How to deploy a production-ready Node.js HA Stack on Azure
ByBrad Bock, Brad Bock is a Program Manager for Cloud Partnerships at Bitnami. He is interested in all things open source and cloud, and is always looking for new ways to help partners and their users do great things with Bitnami apps. In his free time you can find Brad brewing beer at home or hanging out with his wife and their new baby boy.
In our effort to bring the benefits of pre-packaged software to enterprise workloads in the cloud, Bitnami has recently started shipping a new generation of apps and infrastructure stacks in the Azure Marketplace that are designed for production use. One such stack is our brand-new Node.js High Availability (HA) Cluster, which you can deploy on Azure with absolutely zero software charges ever (besides what Azure charges for compute).
When you launch the Node.js High Availability Cluster ARM template through the Marketplace, you get a cluster of Node.js servers with a shared file-system and load balancer instead of everything running in the same machine. This hooks into a database of your choice – in the walkthrough that follows we will use the MongoDB flavor of the globally distributed, highly-available database service Azure Cosmos DB. As you’ll see, what was once a painful and error-prone process has been reduced to deploying it all in a few clicks.
Deploy an example app to a production environment in minutes
Before we get started, let’s take a look at the topology of our system.
For this walkthrough, we’ll use a simple To-do list application based on the MEAN (MongoDB, Express, Angular, Node.js) stack. The sample application is available on GitHub.
Assumptions and prerequisites
This guide makes the following assumptions:
You have a Microsoft Azure account. If you don’t, create one.

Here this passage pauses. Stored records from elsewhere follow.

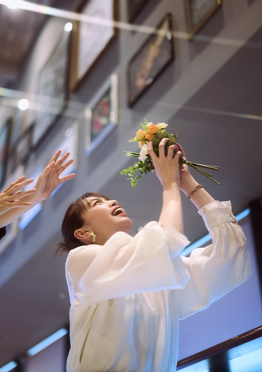 12月31日にカウントダウンパーティーの開催が決定している「Brew33 Bar」では、結婚式二次会でブーケキャッチ!のカットを撮影しました。謎の手は撮影スタッフのもの(汗)。
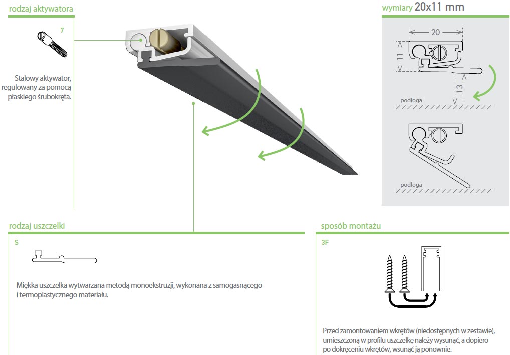 Uszczelka opadająca o długości 1030 mm z możliwością skrócenia maksymalnie o 200 mm. Umieszczona w aluminiowym profilu o wymiarach 20x11 mm w wykończeniu anodyzowanym srebrnym. Jest montowana na wkręty od dołu skrzydła. Uszczelka chroni przed przedostawaniem się kurzu, pyłu oraz innych drobnych zanieczyszczeń do wnętrza budynku / pomieszczenia, a także ogranicza ryzyko powstawania przeciągów.
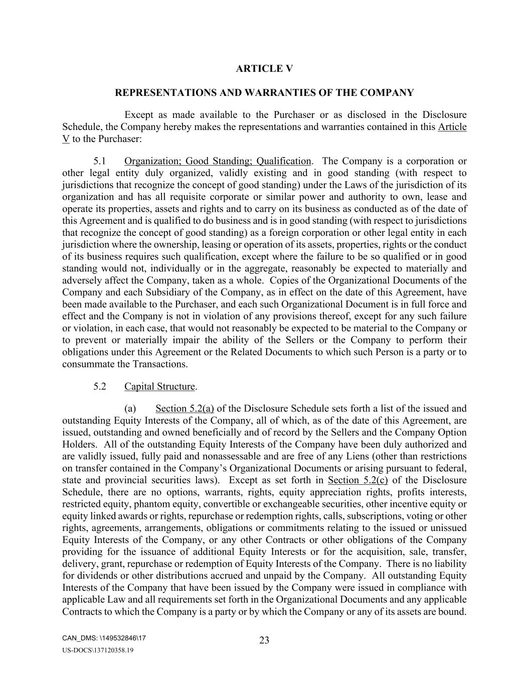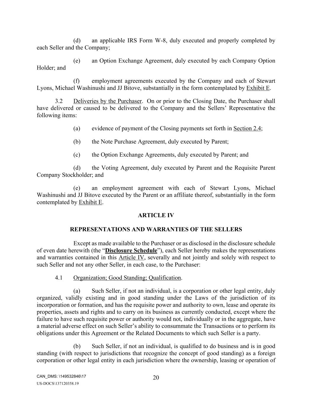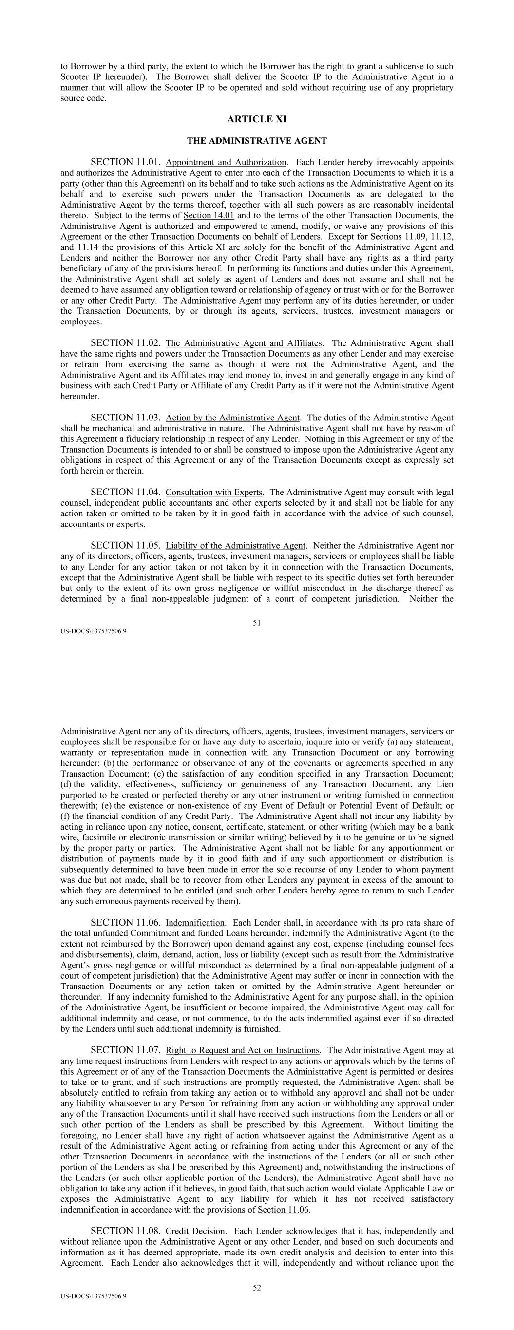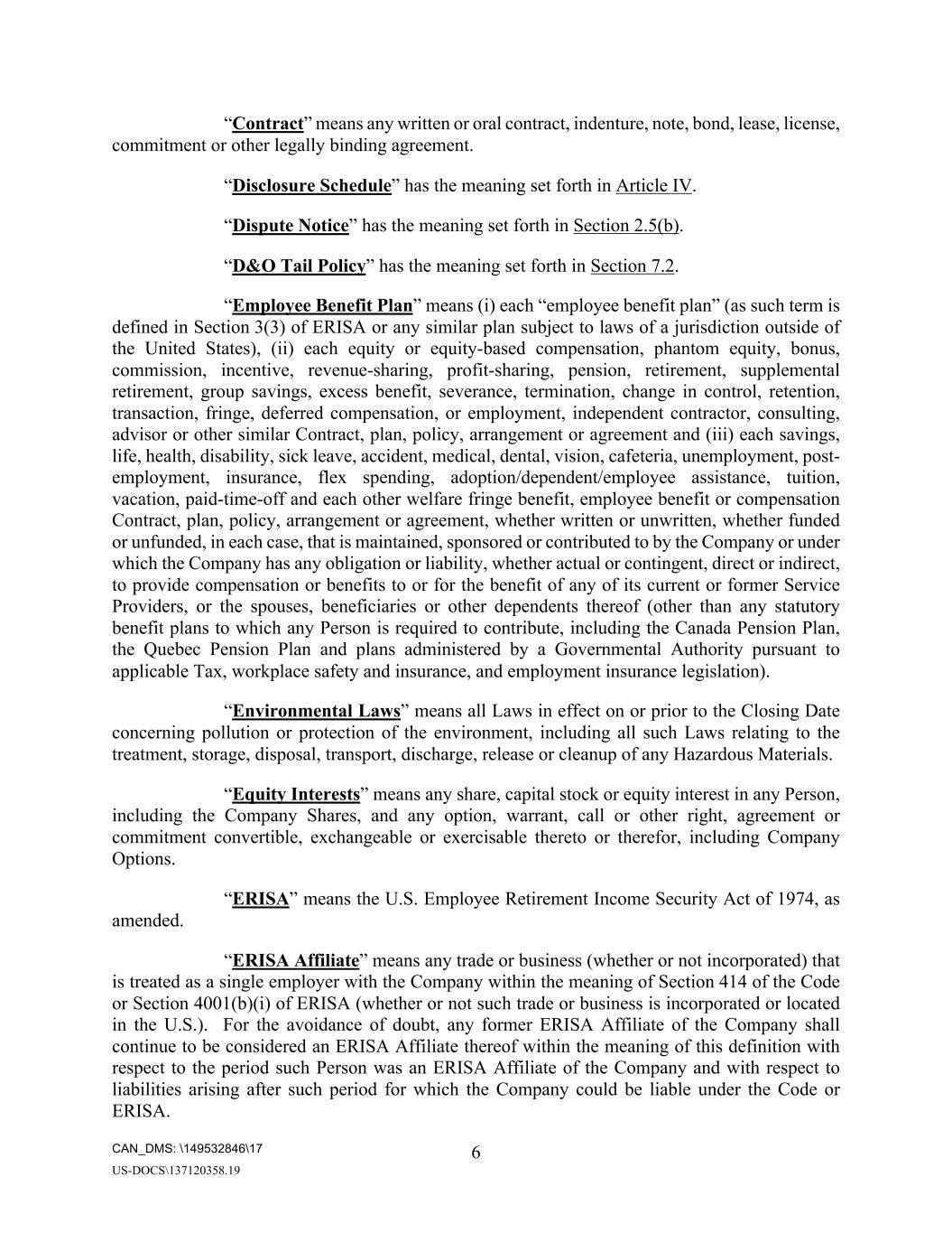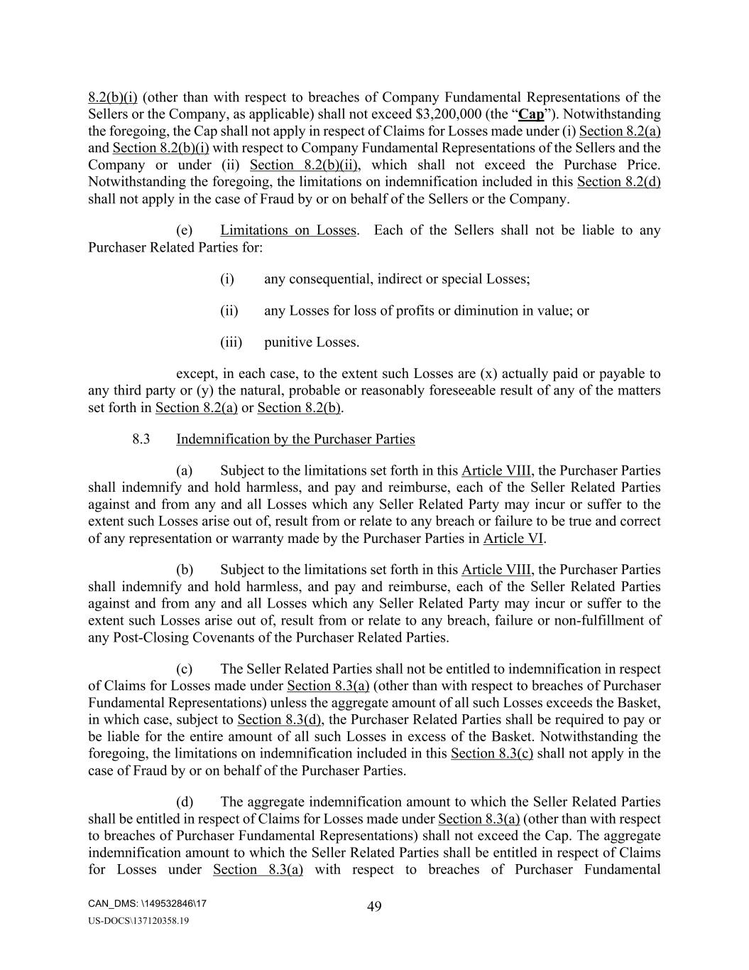 The Share Purchase Agreement contains customary representations and warranties related to Bird Canada, the BC Sellers, the Purchaser and the Company. The Share Purchase Agreement contains customary indemnification provisions by the Purchaser, the Company and the BC Sellers with respect to breaches of representations and warranties and the performance of post-closing covenants. Indemnification claims will survive the closing for (i) with respect to breaches of general representations and warranties, 18 months, (ii) with respect to breaches of fundamental representations and warrants, 24 months, and (iii) with respect to post-closing covenants, in accordance with their terms or until fully performed.

The example Node.js application used in this guide needs a MongoDB database. Since MongoDB is not included with Bitnami’s Node.js High-Availability Cluster, you must deploy this separately. The best way to do this is with the Azure Cosmos DB service, which provides a scalable, high-availability database in the cloud. As a first step, go ahead and launch a new Azure Cosmos DB instance, as follows:
From the menu bar on the left, select the “Azure Cosmos DB” item.
Click “Add” to add a new Cosmos DB instance.
Enter a unique name for your new database instance in the “ID” field and select “MongoDB” as the API.
In the same tab, create a new resource group by entering a name for it, and choose the location for the server to be deployed. Click “Create” once done.
Your new Azure Cosmos DB instance will be deployed and will appear in the list of instances once online.
Once the instance is online, select the newly-created instance and then select the “Settings -> Connection String” menu item. In the “Read-write Keys” tab, note the database host name, port, username and primary password, as you will need these when deploying your Node.js application to the cluster.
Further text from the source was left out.